→ GOAL OF THE EXERCISE
Scan the records beneath this line for the line holding "El piso Step" and the line holding "우선 확인하셔야할 것이", then transcribe exactly those two and all lines between.

→ DATA
>>>

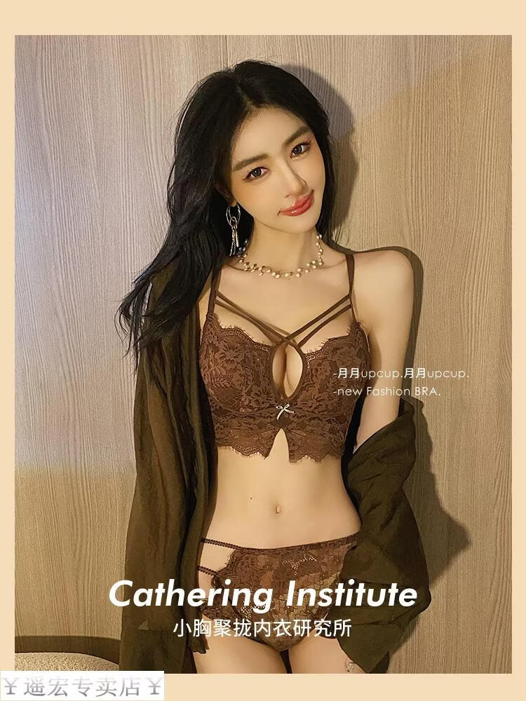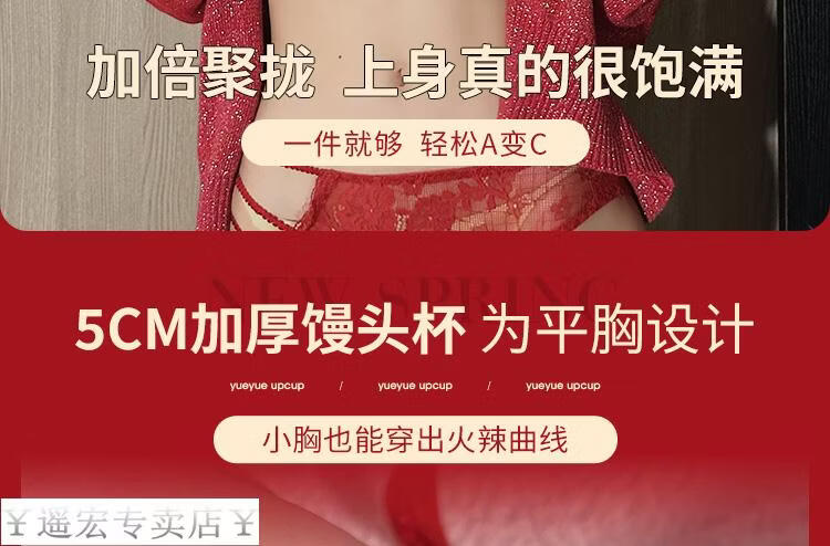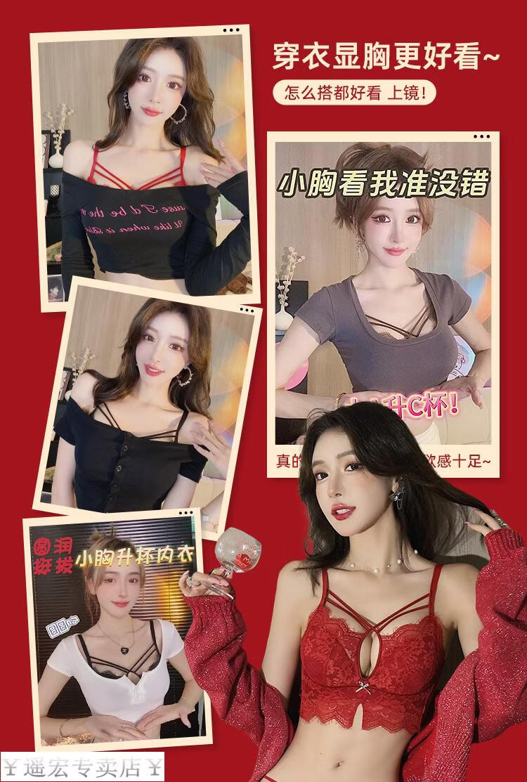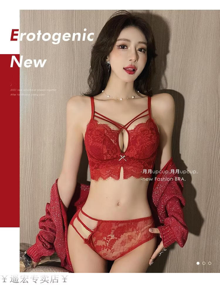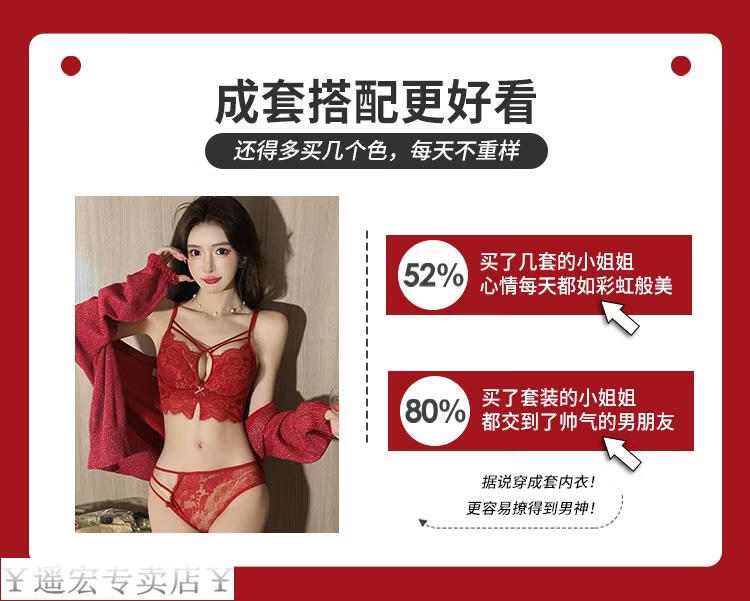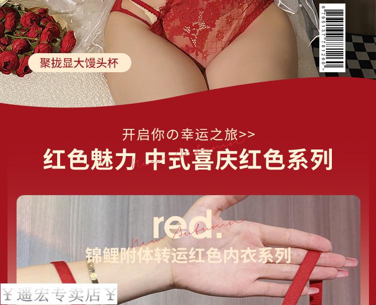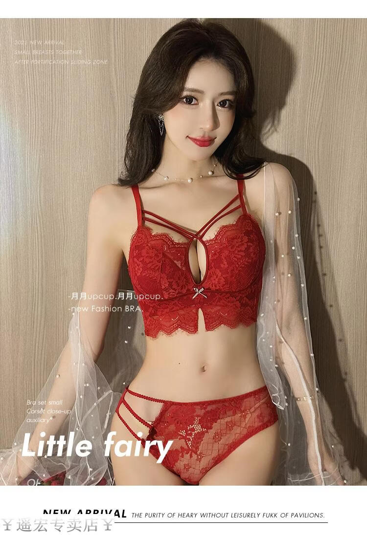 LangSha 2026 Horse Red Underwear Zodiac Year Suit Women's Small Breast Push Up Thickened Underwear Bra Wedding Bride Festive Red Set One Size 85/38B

<<<
>>>

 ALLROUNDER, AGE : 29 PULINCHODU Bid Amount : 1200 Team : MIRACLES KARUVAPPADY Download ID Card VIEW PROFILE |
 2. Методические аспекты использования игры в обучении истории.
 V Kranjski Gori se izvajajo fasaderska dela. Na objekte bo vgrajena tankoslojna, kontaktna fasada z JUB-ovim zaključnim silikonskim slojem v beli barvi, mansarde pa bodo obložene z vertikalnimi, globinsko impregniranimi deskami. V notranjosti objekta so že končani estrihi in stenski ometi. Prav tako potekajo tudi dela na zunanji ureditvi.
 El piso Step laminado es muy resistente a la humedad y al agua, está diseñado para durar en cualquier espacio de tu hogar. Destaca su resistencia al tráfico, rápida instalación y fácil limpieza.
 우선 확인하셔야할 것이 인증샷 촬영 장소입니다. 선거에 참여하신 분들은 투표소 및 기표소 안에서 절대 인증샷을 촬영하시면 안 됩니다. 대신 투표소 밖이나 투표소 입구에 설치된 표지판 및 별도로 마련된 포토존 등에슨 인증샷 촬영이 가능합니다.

<<<

→ RESULT FOR THIS EXERCISE
 El piso Step laminado es muy resistente a la humedad y al agua, está diseñado para durar en cualquier espacio de tu hogar. Destaca su resistencia al tráfico, rápida instalación y fácil limpieza.
 우선 확인하셔야할 것이 인증샷 촬영 장소입니다. 선거에 참여하신 분들은 투표소 및 기표소 안에서 절대 인증샷을 촬영하시면 안 됩니다. 대신 투표소 밖이나 투표소 입구에 설치된 표지판 및 별도로 마련된 포토존 등에슨 인증샷 촬영이 가능합니다.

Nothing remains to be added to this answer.